The Statistical Investigation Process
When comparing two groups, follow the investigation framework:
- Question: Formulate a specific statistical question (e.g. “Do Year 11 students in School A score higher than School B on standardised maths tests?”)
- Data: Identify the data collected (sample, population, how obtained)
- Analysis: Calculate relevant statistics, construct appropriate displays
- Conclusion: Answer the original question with reference to specific statistics. Acknowledge limitations.
Mastery Practice
-
Fluency
State whether each distribution is positively skewed, negatively skewed, or symmetric:
- Mean = 50, Median = 55
- Mean = 70, Median = 70
- Mean = 80, Median = 65
-
Fluency
Five-number summaries: Group X: Min = 10, Q1 = 22, Median = 30, Q3 = 41, Max = 55. Group Y: Min = 15, Q1 = 25, Median = 35, Q3 = 48, Max = 60. Compare the spread of the two groups (use range and IQR).
-
Fluency
The following back-to-back stem-and-leaf shows test scores for Class A (left) and Class B (right):
Class A Stem Class B 5 6 7 8 7 6 5 7 5 6 7 8 3 2 8 2 3 1 9 1 List all scores for each class. How many students are in each class?
-
Understanding
Compare the two datasets using mean, median, range and IQR:
Dataset 1: 12, 15, 18, 20, 22, 25, 28
Dataset 2: 5, 8, 20, 20, 20, 32, 35
-
Understanding
Rainfall (mm) for two cities over 6 months:
Brisbane: 45, 60, 80, 55, 40, 70
Cairns: 120, 200, 350, 180, 80, 150
Calculate the mean for each city. Which city has more rainfall on average and which is more variable? Calculate the range for each to support your answer. -
Understanding
A researcher compares weekly study hours for two groups:
Males: 8, 5, 12, 6, 9, 7, 11, 8, 10, 4
Females: 10, 12, 8, 14, 11, 9, 13, 7, 12, 14
Calculate the mean and range for each group. Comment on the difference in centre and consistency. -
Understanding
A boxplot has: Min = 5, Q1 = 12, Median = 18, Q3 = 26, Max = 34.
- Find the IQR and range.
- Use the IQR fence test to check for outliers.

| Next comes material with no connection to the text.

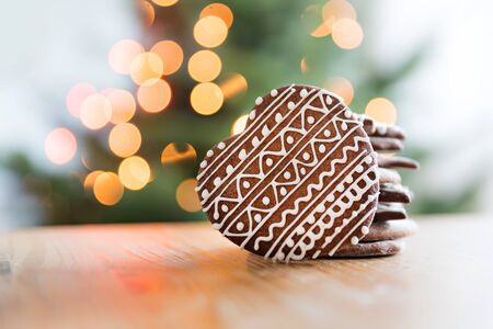 gingerbread cookies on the table, christmas lights bokeh

- Is the distribution symmetric or skewed? Justify using the position of the median within the box.
-
Problem Solving
Sprint times (seconds) for two training groups:
Group 1: 10.2, 10.5, 10.8, 11.0, 11.2, 11.5, 11.8
Group 2: 9.8, 10.1, 10.9, 11.1, 11.4, 12.0, 12.3- Find the five-number summary (Min, Q1, Median, Q3, Max) for each group.
- Calculate the IQR for each group.
- Compare the two groups using shape, centre and spread. Which group is faster? Which is more consistent?
-
Problem Solving
Pulse rates (bpm) for two groups:
Athletes: 52, 58, 60, 62, 65, 68, 70
Non-athletes: 68, 72, 75, 78, 80, 82, 88
Calculate mean, median, and IQR for each group. Write a structured comparison addressing shape, centre, and spread. -
Problem Solving
Statistical Investigation: A teacher wants to know whether girls spend more time on homework per night than boys.
Boys (hours/night): 1.5, 2.0, 1.0, 2.5, 1.5, 3.0, 2.0, 1.5
Girls (hours/night): 2.0, 2.5, 3.0, 2.5, 2.0, 3.5, 2.5, 2.0- State a specific statistical question for this investigation.
- Calculate mean and median for each group.
- Compare the distributions using shape, centre and spread.
- State a conclusion in context, referring to the specific values you calculated.